This paper introduces the EyeFairness dataset that includes both 2D fundus photos and 3D optical coherence tomography (OCT) scans, together with six demographic features (age, gender, race, ethnicity, preferred language, marital status), and proposes a fair identity scaling (FIS) approach to combine group and individual scaling to improve model fairness. FIS was demonstrated to improve performance in eye disease screening according to fairness metrics, when implemented together with EfficientNet-B1, against other fairness methods. Fairness methods are especially appropriate in the eye screening domain due to known differing burdens of eye diseases amongst ethnicities.

优点

  • FIS exploits both group and individual scaling to manage within-group sample variation
  • Detailed comparison of proposed FIS against other fairness methods (Adv, FSCL) on various demographic features

缺点

  • Minimal ablation analysis temperature scaling parameter, FIS group/individual scaling trade-offs actually not very consistent (Figure 2)
  • Side-effects of fairness on adjacent demographic features not considered

问题

  1. The main contribution of a Fair Identity Scaling (FIS) model with learnable group weights and past individual loss data, might have been analyzed in greater details as to the temperature scaling parameter (alongside fusion weight).
  2. Conceptually, the distinction between improvements in “general (AUC) performance” and “fairness” might have been further considered. In particular, from the results in Tables 2 to 7, FIS appears often capable of not only improving “fairness” (i.e. minimizing performance-scaled disparity), but instead often improves performance in all groups (and overall). As such, a natural question might be whether FIS might be used with arbitrary groupings of data, to improve classifier performance.
  3. Returning to fairness as a focus, the presented analysis does not appear to be concerned with the impact on fairness amongst other demographic features, when FIS is applied to a particular feature. For example, when FIS is applied on race (as in Tables 2 & 3), what is the effect on results stratified with other features such as gender, ethnicity, age etc.? This appears particularly relevant since the other demographics may be no less significant for the consideration of fairness/equity purposes.
  4. The costs of considering fairness might be discussed in greater detail, in particular the possibility that optimizing the proposed PSD metric possibly reduces overall classification performance (and thus medical care). This is because PSD (and other fairness metrics) emphasize between-group equality, which may come at the cost of reduced aggregate performance (although this is largely not the case in this study).
评论

Question: Minimal ablation analysis temperature scaling parameter, FIS group/individual scaling trade-offs actually not very consistent (Figure 2) / The main contribution of a Fair Identity Scaling (FIS) model with learnable group weights and past individual loss data, might have been analyzed in greater details as to the temperature scaling parameter (alongside fusion weight).

Response: As suggested by the reviewer, we have included a table below showcasing the experimental results for AMD detection with different temperature values, specifically focusing on the attribute of race in fundus images, with the hyperparameter c set to 0.5. This analysis has been incorporated into the revised version of our paper.

τ\tauAUCMean PSD
0.277.250.0565
0.477.863.68
0.879.395.59
179.953.40
279.545.18
379.495.01
479.607.02
579.495.07

Question: Side-effects of fairness on adjacent demographic features not considered/Returning to fairness as a focus, the presented analysis does not appear to be concerned with the impact on fairness amongst other demographic features, when FIS is applied to a particular feature.
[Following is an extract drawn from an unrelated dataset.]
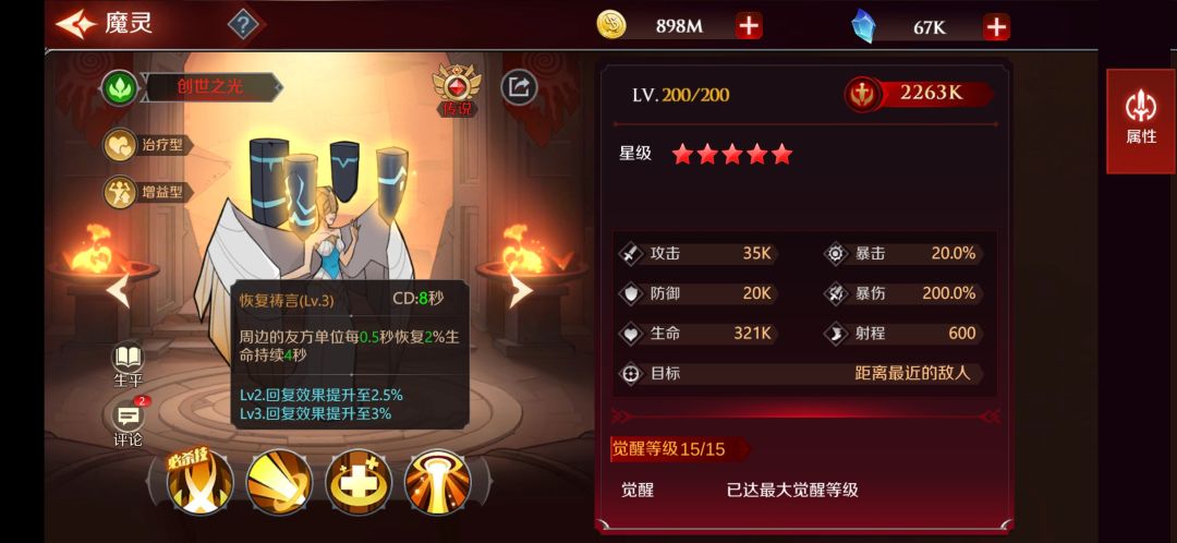 三技能恢复祷言,请不要小看这个技能,这就是创世奶量超高的重要原因之一。该技能没有指定对象数量,相当于类光环技能,对周围所有友方单位生效,而且范围广度相当不错。战斗放置时,建议放在前排到后排中间的位置。这样可以完美覆盖全体队友。

For example, when FIS is applied on race (as in Tables 2 & 3), what is the effect on results stratified with other features such as gender, ethnicity, age etc.? This appears particularly relevant since the other demographics may be no less significant for the consideration of fairness/equity purposes.

Response: We thank the reviewer for the insightful comment. Focusing on a single attribute can make the cause-and-effect relationship clear. However, as the reviewer highlighted, examining the impact of applying FIS to one attribute on the performance metrics of other attributes is also valuable. To this end, we have conducted an analysis where FIS is specifically applied to race in the context of AMD detection, and we report its effects on gender and ethnicity performance. For our FIS model specifically addressing the fairness for race, the model fairness quantified by PSD values for gender and ethnicity attributes is also improved. It's important to note that the individual scaling in Equation (1) is attribute-independent and is designed to adaptively influence the significance of each sample during back-propagation. This approach could be a contributing factor to the observed improvements in fairness.
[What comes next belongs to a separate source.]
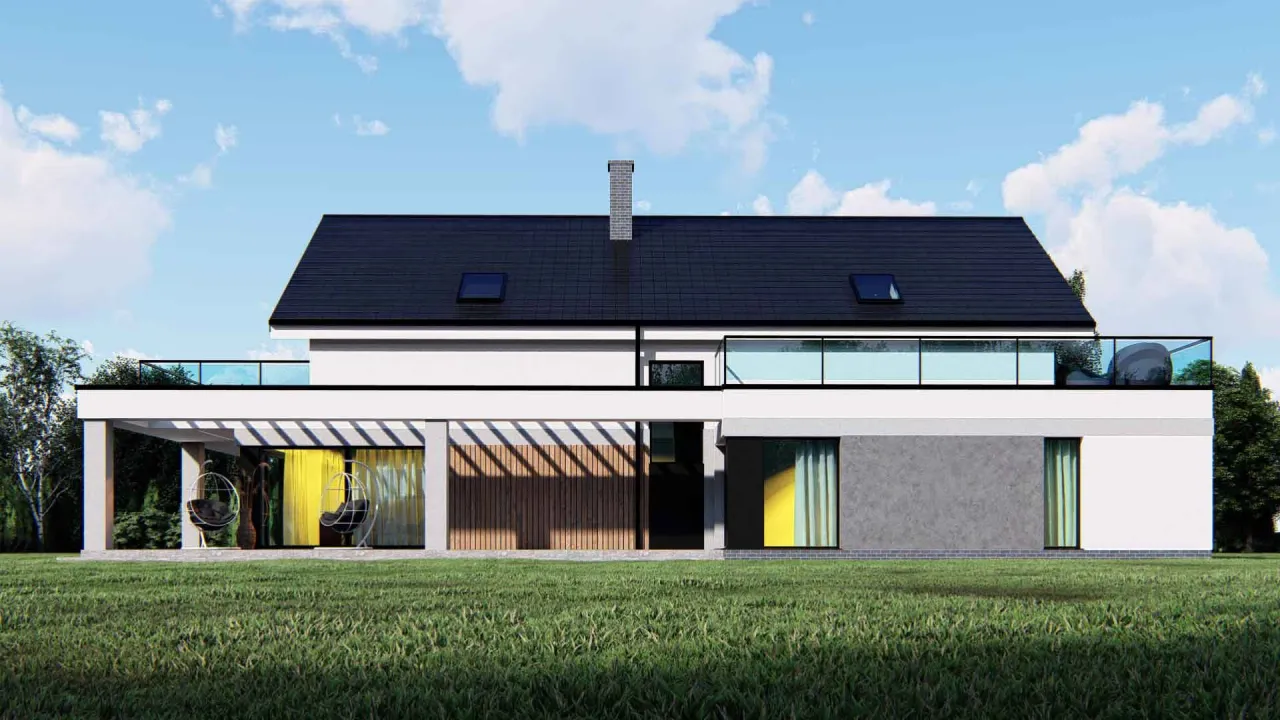 Projekt domu UA449 to propozycja dla inwestorów, którzy cenią nowoczesną estetykę, funkcjonalny układ i rozsądne koszty budowy. Parter z poddaszem użytkowym tworzy przejrzystą, rodzinną przestrzeń, a nowoczesny charakter bryły dobrze wpisuje się w obecne trendy zabudowy jednorodzinnej.

MethodAUC (Race)Mean PSD (Race)Mean PSD (Gender)Mean PSD (Ethnicity)
EffNet79.105.457.244.78
EffNet+FIS (Race)79.953.401.580.58

Question: Conceptually, the distinction between improvements in “general (AUC) performance” and “fairness” might have been further considered. In particular, from the results in Tables 2 to 7, FIS appears often capable of not only improving “fairness” (i.e. minimizing performance-scaled disparity), but instead often improves performance in all groups (and overall). As such, a natural question might be whether FIS might be used with arbitrary groupings of data, to improve classifier performance.
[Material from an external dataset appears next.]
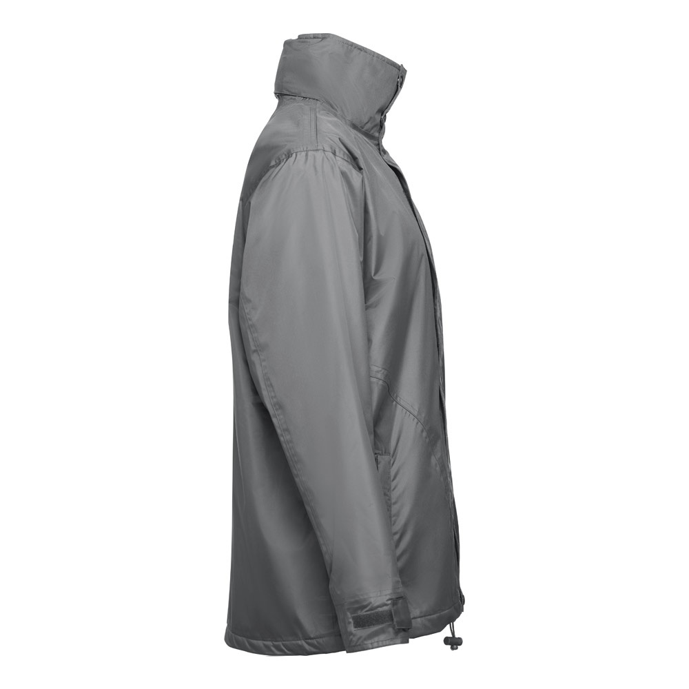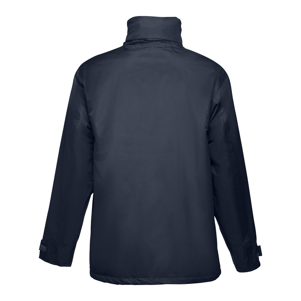 Padded parka (unisex) 100% polyester (exterior: 240 g/m² 100% polyester pongee 240 and waterproof PVC coating, interior: 65 g/m² 100% polyester taffeta, filling: 100% polyester 80 g/m²). Collar lined with black polar mesh (fastened with velcro strip). Foldable collar hood, adjustable with black stoppers. Opening with flap, coloured zip, velcro and snap buttons in black. Contains 2 outer pockets with flap and 2 inner pockets (1 for mobile phone) with velcro closure. Inner 2x2 ribbed mesh cuffs and adjustable outer cuffs with velcro straps. Thermo-sealed seams. Zippered lower back access for easy customisation. Sizes: XS, S, M, L, XL, XXL

Response: The observed improvement in both fairness and performance can be attributed to the individual scaling mechanism in FIS, which considers the losses of samples within a mini-batch to determine their relative importance for back-propagation. This approach enables the training process to give priority to samples with larger losses, effectively balancing the learning focus across the dataset.

Following the suggestion, we present the experimental results for arbitrary groupings in AMD detection, as detailed in the table below. We observe that combining race, gender, and ethnicity enhances performance, although the resulting mean PSDs are not consistently optimal compared to other methods. This highlights the intricate and intriguing interplay between attributes. We plan to delve deeper into this aspect in our future research.

MethodAUC (Race)Mean PSD (Race)Mean PSD (Gender)Mean PSD (Ethnicity)
EffNet79.105.457.244.78
EffNet+FIS (Race)79.953.401.580.58
EffNet+FIS (Race+Gender)79.843.901.400.38
EffNet+FIS (Race+Gender+Ethnicity)80.283.951.300.32
评论

Question: The costs of considering fairness might be discussed in greater detail, in particular the possibility that optimizing the proposed PSD metric possibly reduces overall classification performance (and thus medical care). This is because PSD (and other fairness metrics) emphasize between-group equality, which may come at the cost of reduced aggregate performance (although this is largely not the case in this study).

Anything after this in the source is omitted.